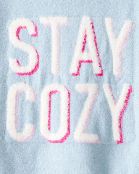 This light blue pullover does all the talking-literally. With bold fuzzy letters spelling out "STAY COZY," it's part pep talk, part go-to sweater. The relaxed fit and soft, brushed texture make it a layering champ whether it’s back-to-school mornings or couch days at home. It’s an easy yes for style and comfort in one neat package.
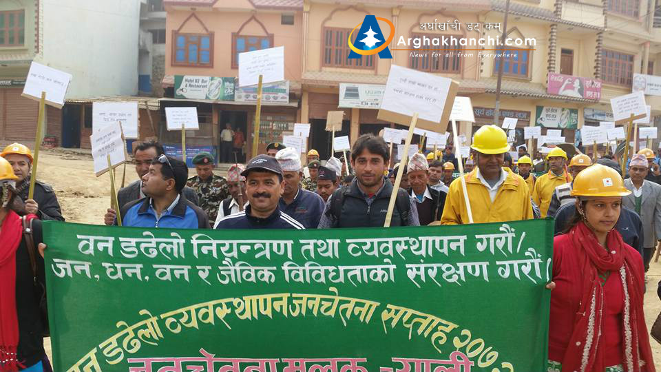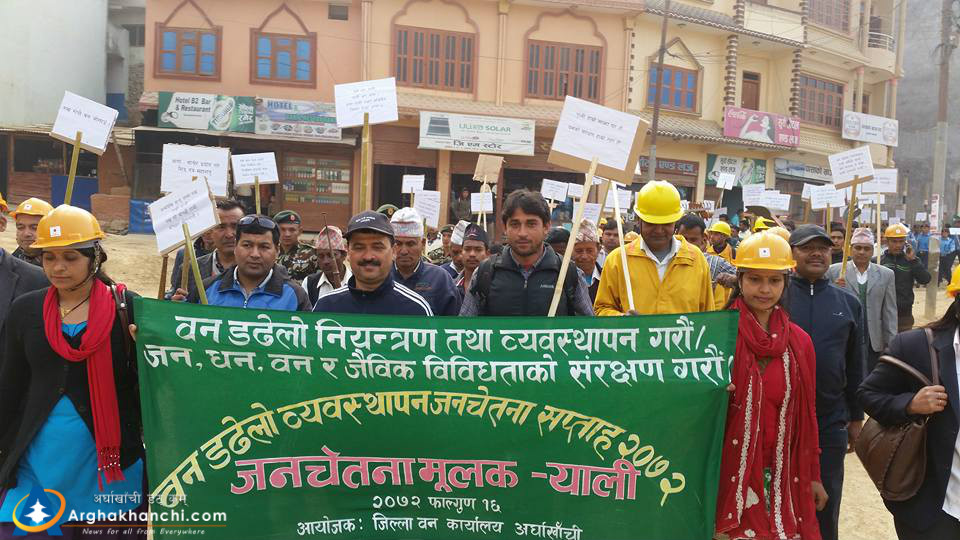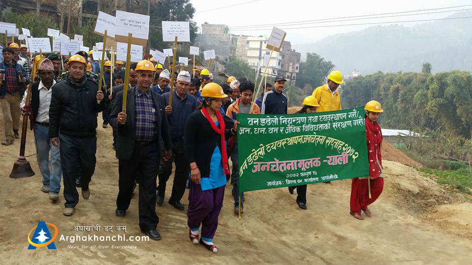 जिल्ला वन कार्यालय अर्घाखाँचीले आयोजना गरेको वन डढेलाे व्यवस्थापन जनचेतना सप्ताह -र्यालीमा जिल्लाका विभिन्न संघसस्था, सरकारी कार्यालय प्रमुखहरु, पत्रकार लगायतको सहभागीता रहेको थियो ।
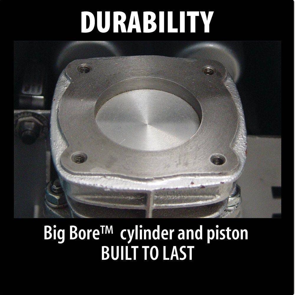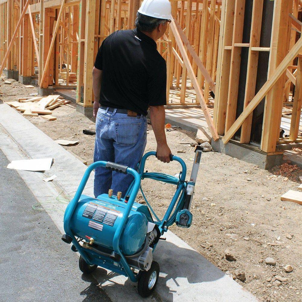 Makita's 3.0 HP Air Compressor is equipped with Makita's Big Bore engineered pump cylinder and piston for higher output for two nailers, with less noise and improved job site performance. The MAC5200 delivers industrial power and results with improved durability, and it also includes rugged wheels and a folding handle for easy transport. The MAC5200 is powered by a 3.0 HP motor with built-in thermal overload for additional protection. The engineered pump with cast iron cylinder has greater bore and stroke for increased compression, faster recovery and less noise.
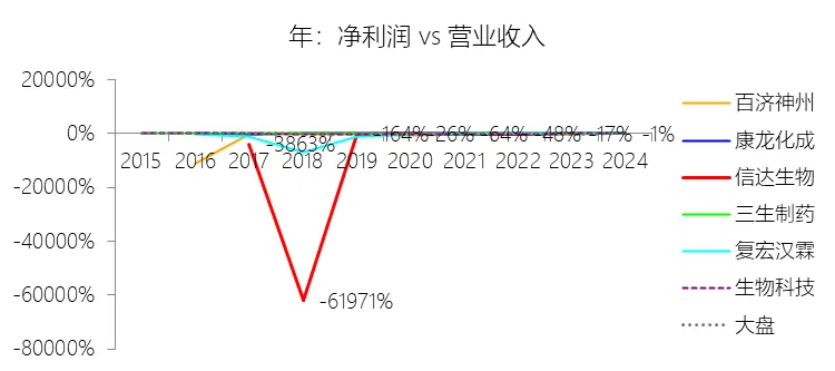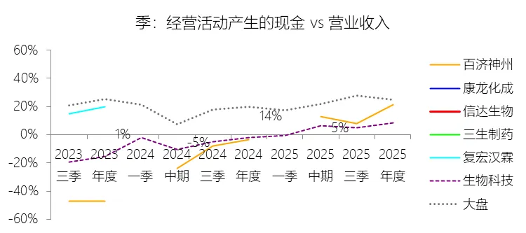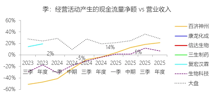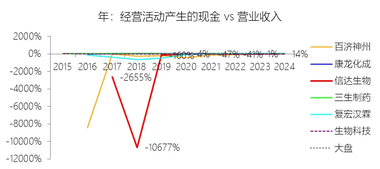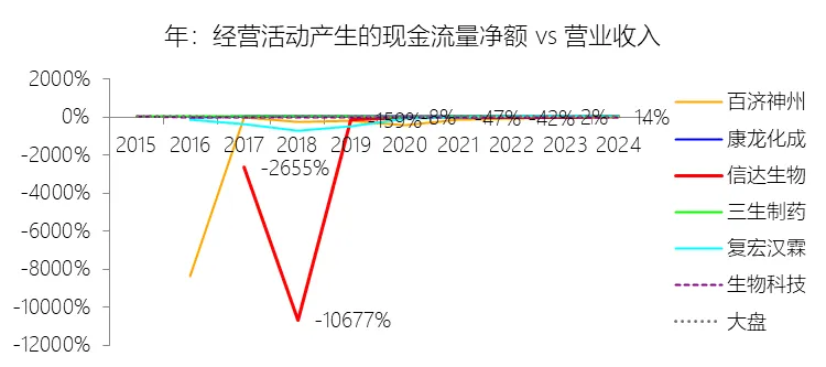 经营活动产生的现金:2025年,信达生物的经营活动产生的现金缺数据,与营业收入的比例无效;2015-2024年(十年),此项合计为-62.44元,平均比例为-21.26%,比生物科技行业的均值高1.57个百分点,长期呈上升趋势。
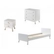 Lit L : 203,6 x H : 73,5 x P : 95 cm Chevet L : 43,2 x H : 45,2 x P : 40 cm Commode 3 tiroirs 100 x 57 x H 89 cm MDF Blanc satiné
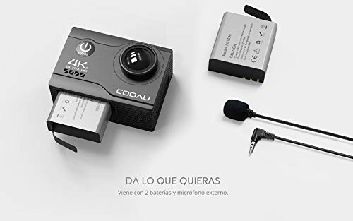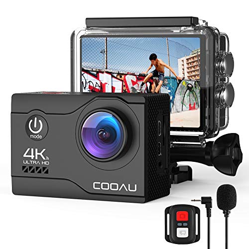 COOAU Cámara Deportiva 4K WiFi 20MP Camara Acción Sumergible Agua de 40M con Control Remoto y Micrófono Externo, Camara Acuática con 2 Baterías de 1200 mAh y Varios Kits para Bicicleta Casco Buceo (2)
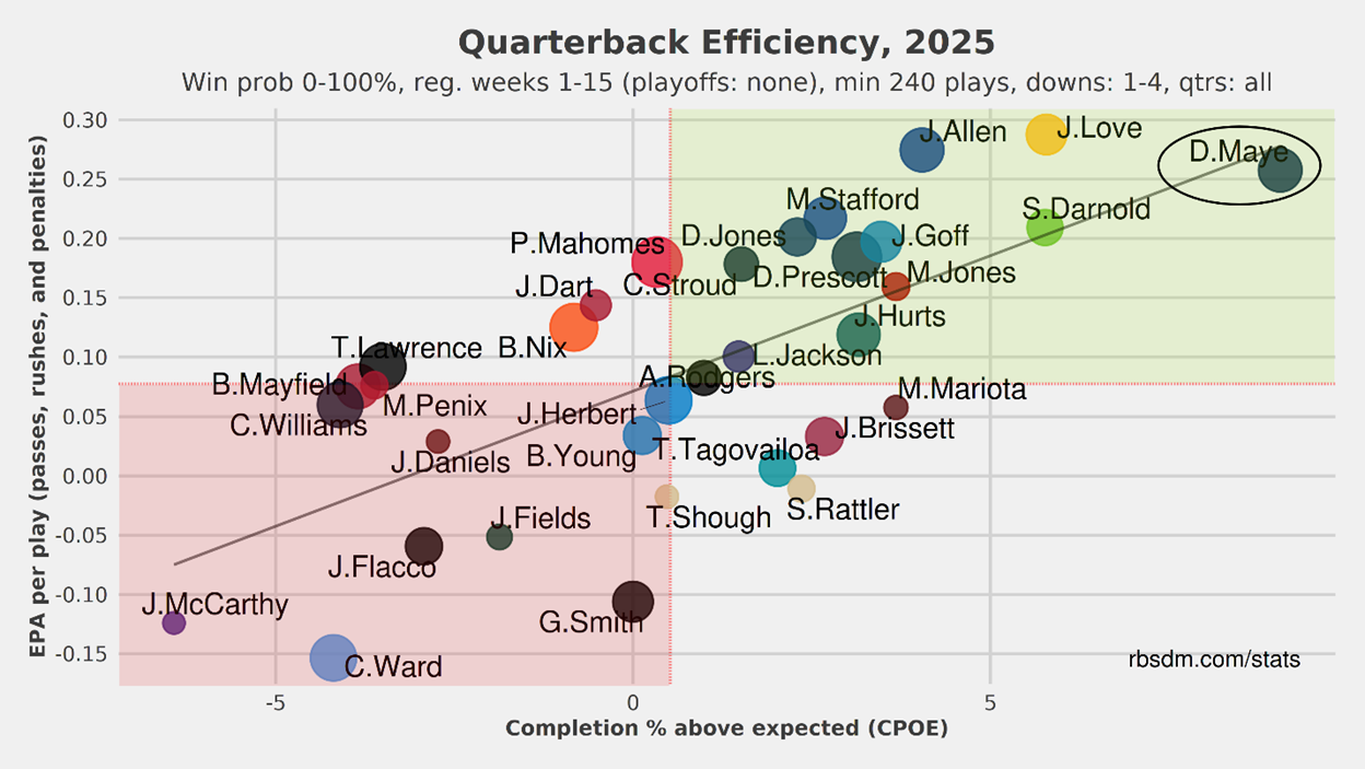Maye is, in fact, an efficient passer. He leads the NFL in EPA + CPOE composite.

★ ★ ★ ★ ★ ★ ★

From the line containing "Lit L : 203,6" down to the last line of the data above, transcribe exactly those lines and no others; omit the pictures.

 Lit L : 203,6 x H : 73,5 x P : 95 cm Chevet L : 43,2 x H : 45,2 x P : 40 cm Commode 3 tiroirs 100 x 57 x H 89 cm MDF Blanc satiné
 COOAU Cámara Deportiva 4K WiFi 20MP Camara Acción Sumergible Agua de 40M con Control Remoto y Micrófono Externo, Camara Acuática con 2 Baterías de 1200 mAh y Varios Kits para Bicicleta Casco Buceo (2)
Maye is, in fact, an efficient passer. He leads the NFL in EPA + CPOE composite.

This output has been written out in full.